The simplification of forest structural complexity, caused by anthropogenic land-use practices, is one of the main threats to understory specialist birds. We examined the association of both single structural attributes and structural complexity, with the density of four understory bird species in the Global Biodiversity Hotspot “Chilean Winter Rainfall-Valdivian Forests” of South America. Between 2011 and 2013, we surveyed habitat attributes and conducted bird point counts in 505 plots in Andean temperate ecosystems in Chile. In each habitat plot, we measured understory density, volume of coarse woody debris (CWD), number of snags, diameter at breast height (DBH) of trees, and leaf litter depth. With these attributes, we developed an index of stand structural complexity (ISC). On average, old-growth forests had higher values ​​for understory density, CWD volume, DBH, and litter depth than secondary forests and open fields, and thus greater values of ISC. The density of understory birds was positively correlated with the ISC for the Rhinocryptidae Pteroptochos tarnii, Scelorchilus rubecula, and Scytalopus magellanicus. We also found a positive association between understory density and litter depth, with the density of the Furnariidae Sylviorthorhynchus desmursii. However, this latter species showed a negative association with the density of snags. Our results suggest the utility of using an index of structural complexity, rather than single or even additive habitat attributes, for determining the density of understory specialist birds. We recommend that management plans should promote the retention of habitat attributes that contribute to the structural complexity of temperate forests of South America and beyond.
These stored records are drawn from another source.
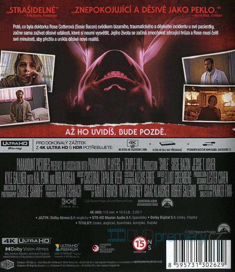 4K Blu-ray film Úsměv HD [2022]. Český dabing. České titulky. HDR. Dolby Digital. Dolby Atmos. Úsměv mění radost v noční můru. Horor, kde nejkrásnější emoce skrývá smrtelné nebezpečí přímo před vašima očima.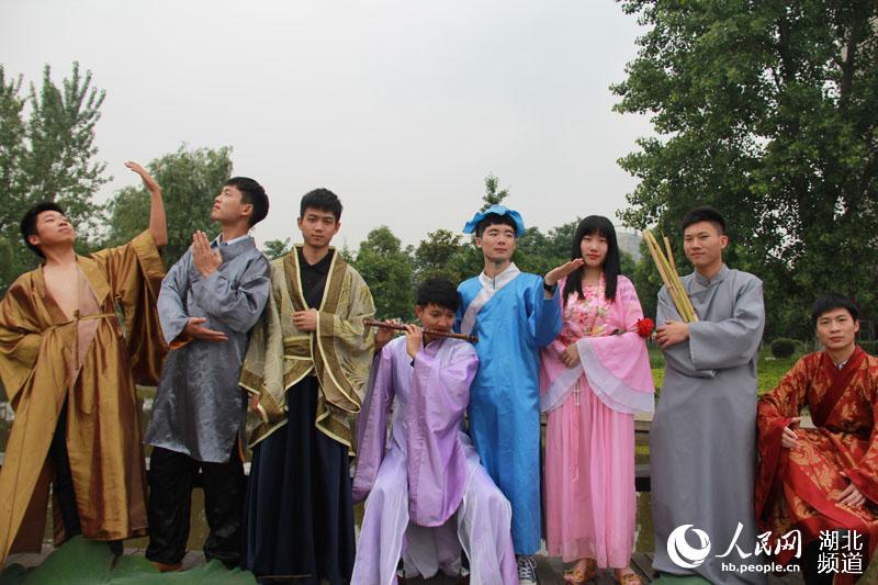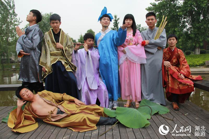 武汉5月25日电(通讯员 罗袁璐) 5月23日,在武汉工商学院静思湖桥上,该校电子商务学院8名优秀毕业生身穿古代传说中人物“八仙”的服装,手拿简易道具,摆出各种造型拍摄毕业照。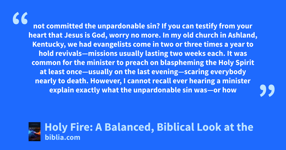 not committed the unpardonable sin? If you can testify from your heart that Jesus is God, worry no more. In my old church in Ashland, Kentucky, we had evangelists come in two or three times a year to hold revivals—missions usually lasting two weeks each. It was common for the minister to preach on blaspheming the Holy Spirit at least once—usually on the last evening—scaring everybody nearly to death. However, I cannot recall ever hearing a minister explain exactly what the unpardonable sin was—or how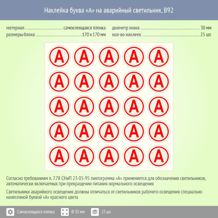 Наклейка буква «А» на аварийный светильник, B92 (пленка, диаметр 30 мм, блок 25 штук, 170х170 мм) в Краснодаре купить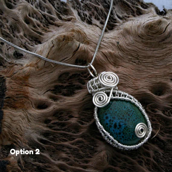 Handmade Green Ceramic Pendant Necklace – Wirework Wrapped One-of-a-Kind Artisan Jewellery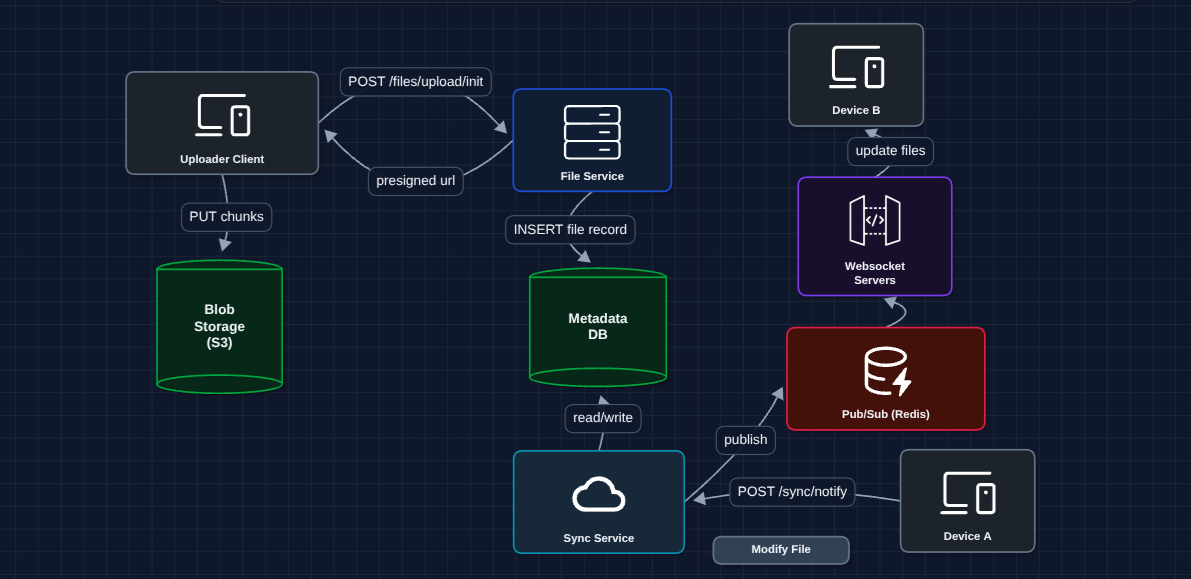 Architecturally, we need to separate the control plane (metadata, sync state) from the data plane (raw file bytes). This separation is what makes cloud storage scalable.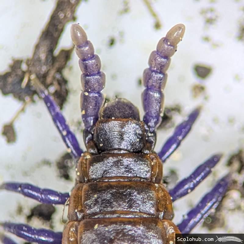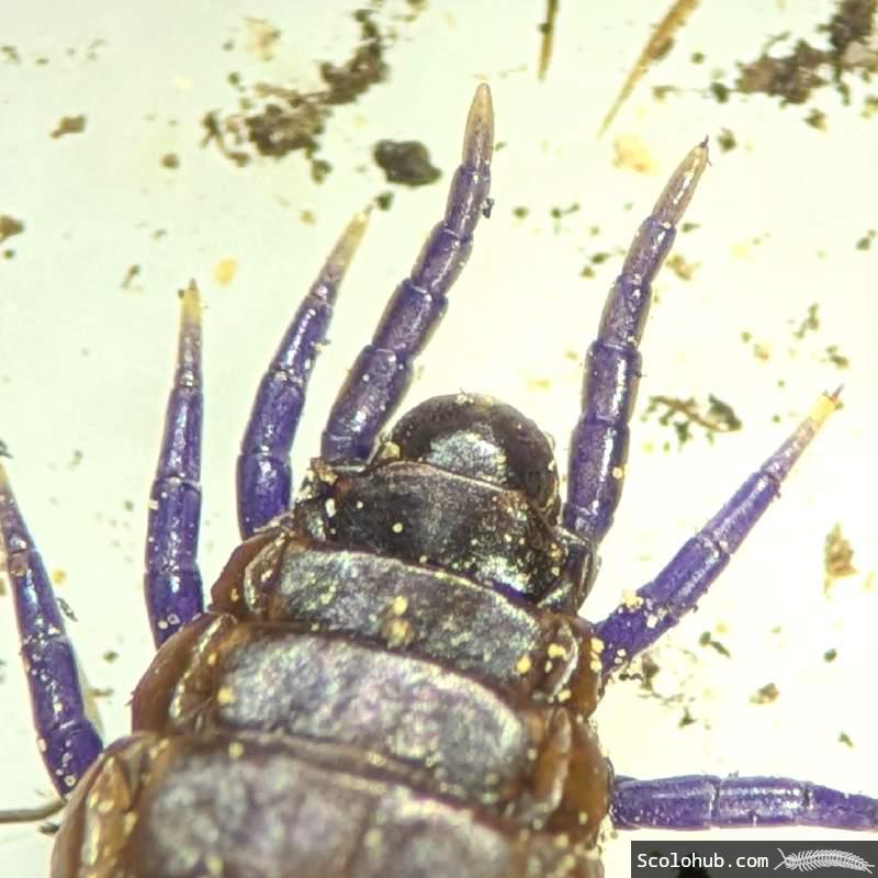 Sie besitzt 107 bis 125 Beinpaaren, ihre Körperfärbung reicht von hell- bis nussbraun, während die Beine charakteristisch violett gefärbt sind.

We conducted bird sampling during 2 reproductive seasons (2011-2012 and 2012-2013), between October and January. Point count stations were in the same plots used for habitat sampling, with the center of the plot at the center of the point count station. We sampled 81 sites (80.2%) in 2011-2012 and the remaining 20 (19.8%) in 2012-2013 (Ibarra and Martin 2015a). In each of the 101 sites, we established 5 point counts that were systematically spaced 125 m apart and lasted 6 minutes during which we recorded each individual seen and/or heard within a radius of 50 m (Bibby 2000, Ibarra et al. 2017a).[A1] [A2] 

To increase the detectability of understory specialist birds we performed playbacks. To avoid double counting at nearby stations. we reproduced playback at 3 out of the 5 point count stations. After the period of passive counting (the first 6 minutes), we reproduced the playbacks of the 4 understory specialist species. As each call by 30 seconds was followed by 30 seconds of listening in silence, the counting time for each station with playbacks totaled 15 minutes (Drever et al. 2009, Ibarra et al. 2017a). The distance to all the birds detected was estimated and grouped into one of two intervals for analysis (0-25 m and 26-50 m; Bibby 2000, Ibarra and Martin 2015a). We also registered temperature (°C), humidity (%), and wind speed (m per s) at each point count station (Table 1) using a portable weather monitor (Kestrel 4200, Kestrel-meters, Birmingham, MI), to assess the influence of these covariates on the detectability of each species.